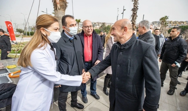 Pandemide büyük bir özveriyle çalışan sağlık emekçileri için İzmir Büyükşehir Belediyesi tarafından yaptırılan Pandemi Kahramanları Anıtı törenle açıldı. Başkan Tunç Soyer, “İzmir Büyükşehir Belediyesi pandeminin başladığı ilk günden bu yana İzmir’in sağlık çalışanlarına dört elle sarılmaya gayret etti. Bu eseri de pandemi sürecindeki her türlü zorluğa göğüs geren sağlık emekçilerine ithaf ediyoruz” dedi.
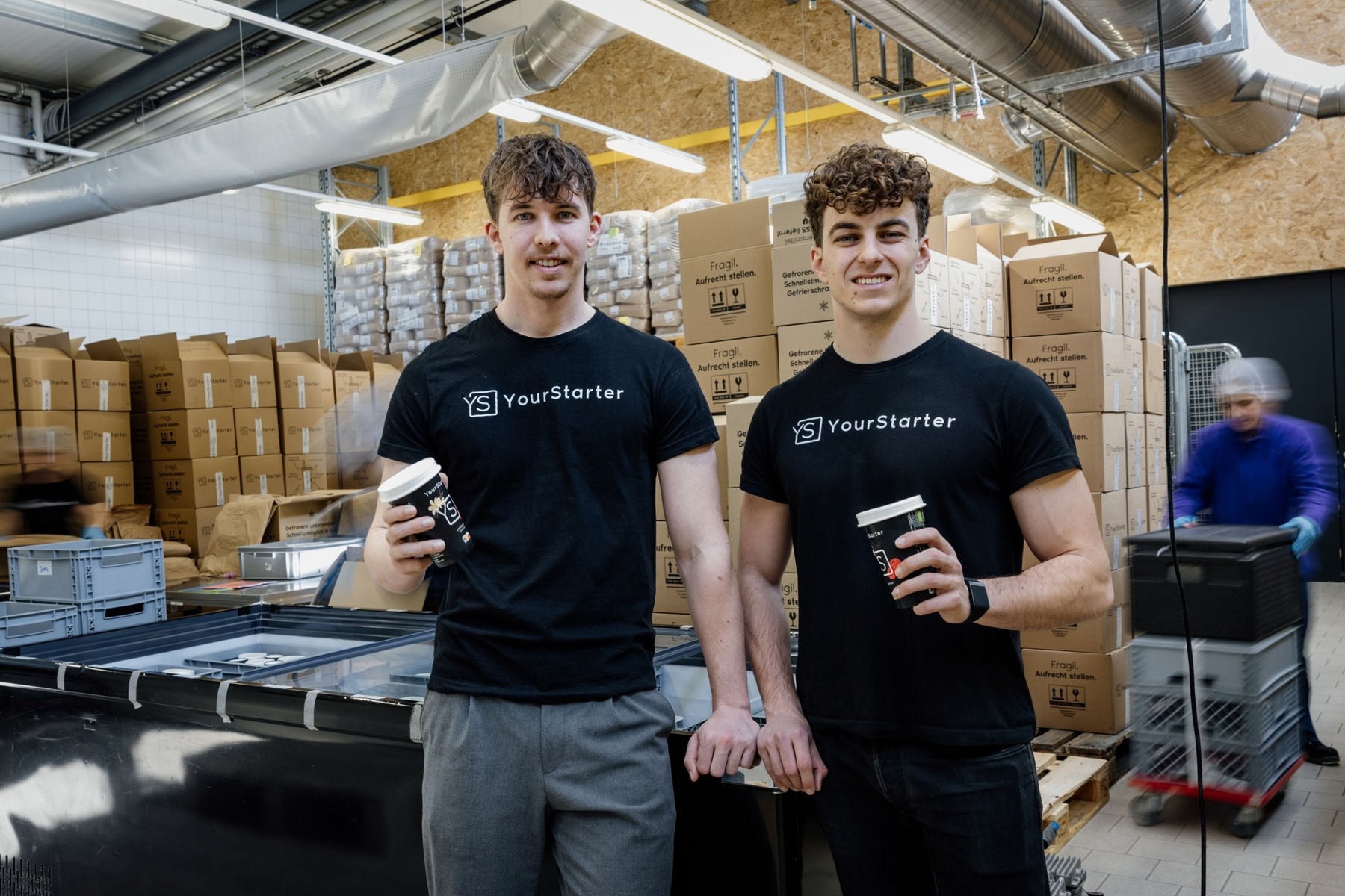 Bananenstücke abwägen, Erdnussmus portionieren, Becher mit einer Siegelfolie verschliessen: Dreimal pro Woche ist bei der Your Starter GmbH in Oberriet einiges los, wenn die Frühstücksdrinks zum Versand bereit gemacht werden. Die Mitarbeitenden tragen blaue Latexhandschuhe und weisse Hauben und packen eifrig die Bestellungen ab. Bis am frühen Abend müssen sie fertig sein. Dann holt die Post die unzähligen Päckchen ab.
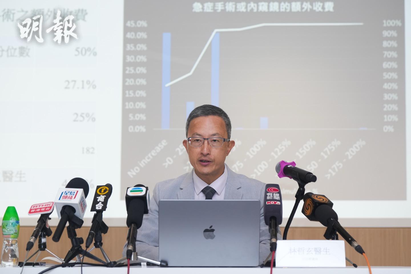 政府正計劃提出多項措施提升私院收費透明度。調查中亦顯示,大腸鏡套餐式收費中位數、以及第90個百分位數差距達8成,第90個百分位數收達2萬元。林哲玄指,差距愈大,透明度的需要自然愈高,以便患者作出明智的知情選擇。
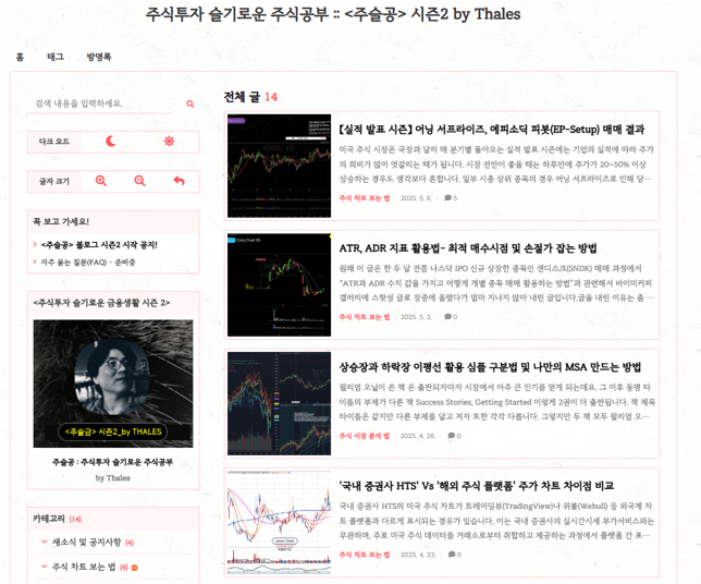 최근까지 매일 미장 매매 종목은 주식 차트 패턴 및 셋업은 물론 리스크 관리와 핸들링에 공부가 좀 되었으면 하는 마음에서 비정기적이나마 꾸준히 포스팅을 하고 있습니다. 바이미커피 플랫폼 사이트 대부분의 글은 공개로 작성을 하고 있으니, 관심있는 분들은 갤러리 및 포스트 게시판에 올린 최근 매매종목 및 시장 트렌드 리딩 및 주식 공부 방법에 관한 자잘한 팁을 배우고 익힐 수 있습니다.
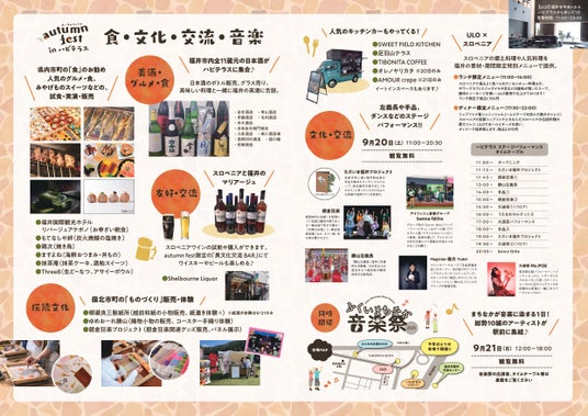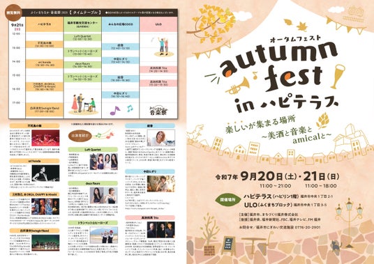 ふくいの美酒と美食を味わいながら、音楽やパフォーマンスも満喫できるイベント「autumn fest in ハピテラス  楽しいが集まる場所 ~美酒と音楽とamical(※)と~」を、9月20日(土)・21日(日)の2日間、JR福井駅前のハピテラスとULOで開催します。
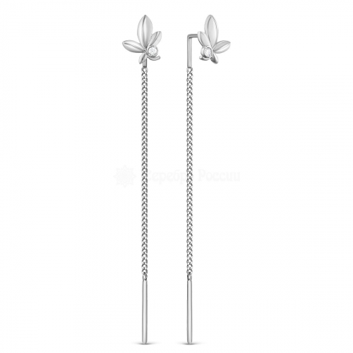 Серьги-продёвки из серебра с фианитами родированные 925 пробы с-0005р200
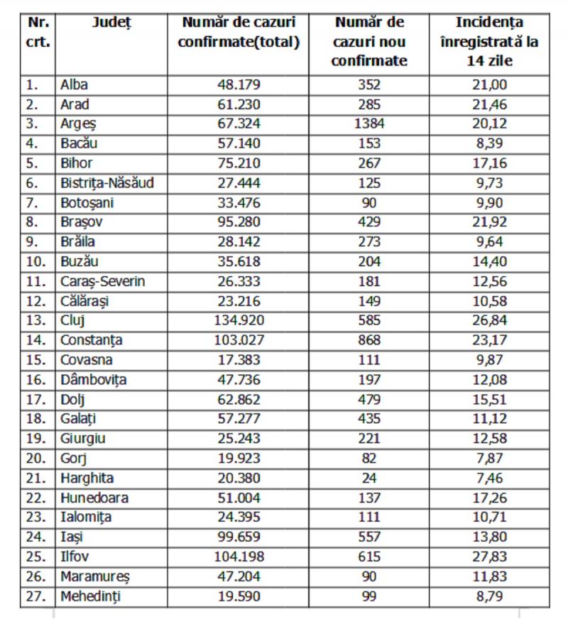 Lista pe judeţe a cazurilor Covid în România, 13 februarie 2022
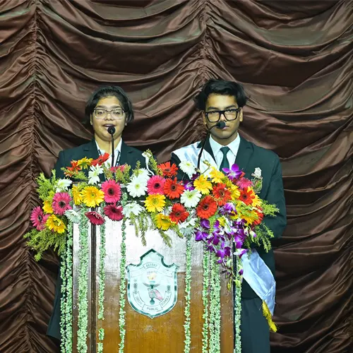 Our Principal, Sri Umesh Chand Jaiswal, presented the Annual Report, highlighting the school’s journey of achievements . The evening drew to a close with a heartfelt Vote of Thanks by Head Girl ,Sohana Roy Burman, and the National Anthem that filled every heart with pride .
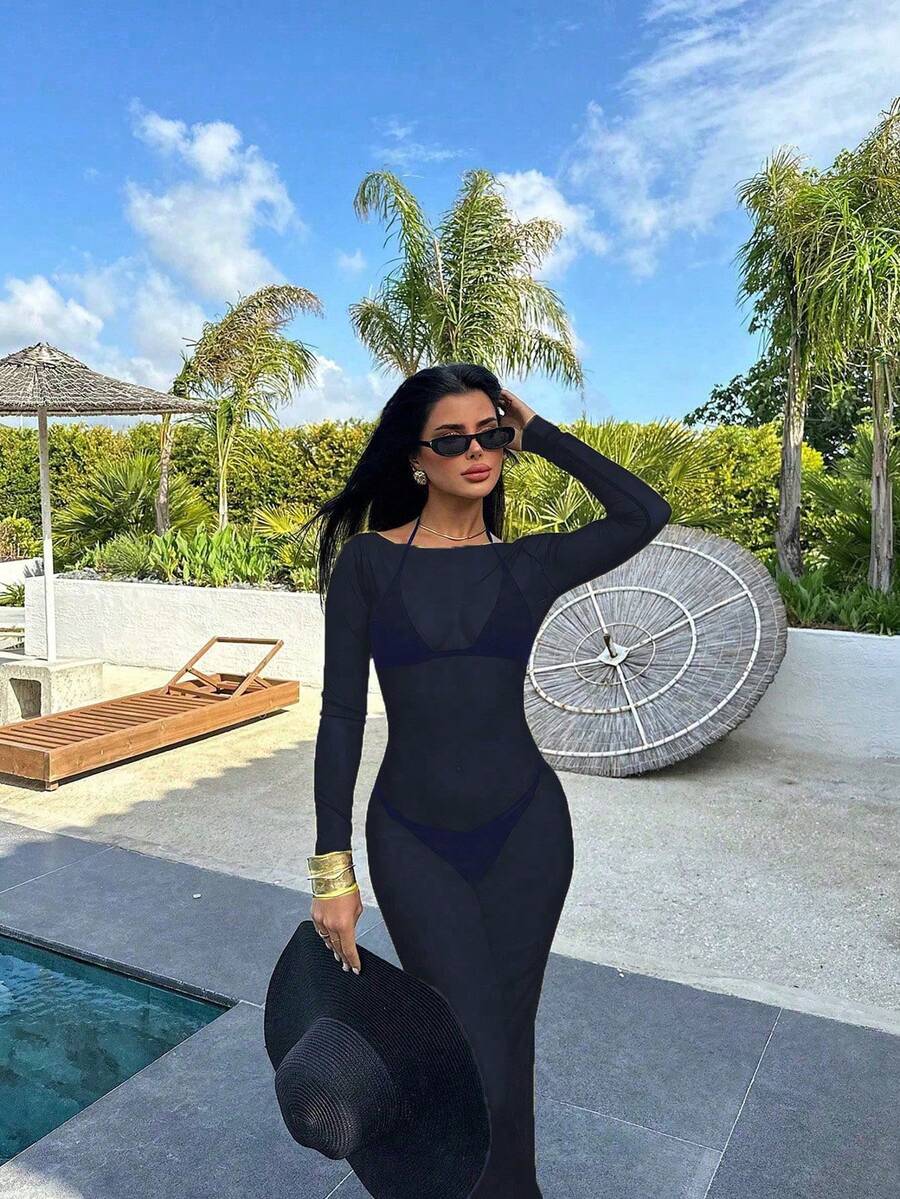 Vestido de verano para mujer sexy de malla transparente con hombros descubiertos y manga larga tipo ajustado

_WHAT THE EXERCISE ASKS_
Print the data word for word and omit the pictures.

_ANSWER SPACE_
 Pandemide büyük bir özveriyle çalışan sağlık emekçileri için İzmir Büyükşehir Belediyesi tarafından yaptırılan Pandemi Kahramanları Anıtı törenle açıldı. Başkan Tunç Soyer, “İzmir Büyükşehir Belediyesi pandeminin başladığı ilk günden bu yana İzmir’in sağlık çalışanlarına dört elle sarılmaya gayret etti. Bu eseri de pandemi sürecindeki her türlü zorluğa göğüs geren sağlık emekçilerine ithaf ediyoruz” dedi.
 Bananenstücke abwägen, Erdnussmus portionieren, Becher mit einer Siegelfolie verschliessen: Dreimal pro Woche ist bei der Your Starter GmbH in Oberriet einiges los, wenn die Frühstücksdrinks zum Versand bereit gemacht werden. Die Mitarbeitenden tragen blaue Latexhandschuhe und weisse Hauben und packen eifrig die Bestellungen ab. Bis am frühen Abend müssen sie fertig sein. Dann holt die Post die unzähligen Päckchen ab.
 政府正計劃提出多項措施提升私院收費透明度。調查中亦顯示,大腸鏡套餐式收費中位數、以及第90個百分位數差距達8成,第90個百分位數收達2萬元。林哲玄指,差距愈大,透明度的需要自然愈高,以便患者作出明智的知情選擇。
 최근까지 매일 미장 매매 종목은 주식 차트 패턴 및 셋업은 물론 리스크 관리와 핸들링에 공부가 좀 되었으면 하는 마음에서 비정기적이나마 꾸준히 포스팅을 하고 있습니다. 바이미커피 플랫폼 사이트 대부분의 글은 공개로 작성을 하고 있으니, 관심있는 분들은 갤러리 및 포스트 게시판에 올린 최근 매매종목 및 시장 트렌드 리딩 및 주식 공부 방법에 관한 자잘한 팁을 배우고 익힐 수 있습니다.
 ふくいの美酒と美食を味わいながら、音楽やパフォーマンスも満喫できるイベント「autumn fest in ハピテラス  楽しいが集まる場所 ~美酒と音楽とamical(※)と~」を、9月20日(土)・21日(日)の2日間、JR福井駅前のハピテラスとULOで開催します。
 Серьги-продёвки из серебра с фианитами родированные 925 пробы с-0005р200
 Lista pe judeţe a cazurilor Covid în România, 13 februarie 2022
 Our Principal, Sri Umesh Chand Jaiswal, presented the Annual Report, highlighting the school’s journey of achievements . The evening drew to a close with a heartfelt Vote of Thanks by Head Girl ,Sohana Roy Burman, and the National Anthem that filled every heart with pride .
 Vestido de verano para mujer sexy de malla transparente con hombros descubiertos y manga larga tipo ajustado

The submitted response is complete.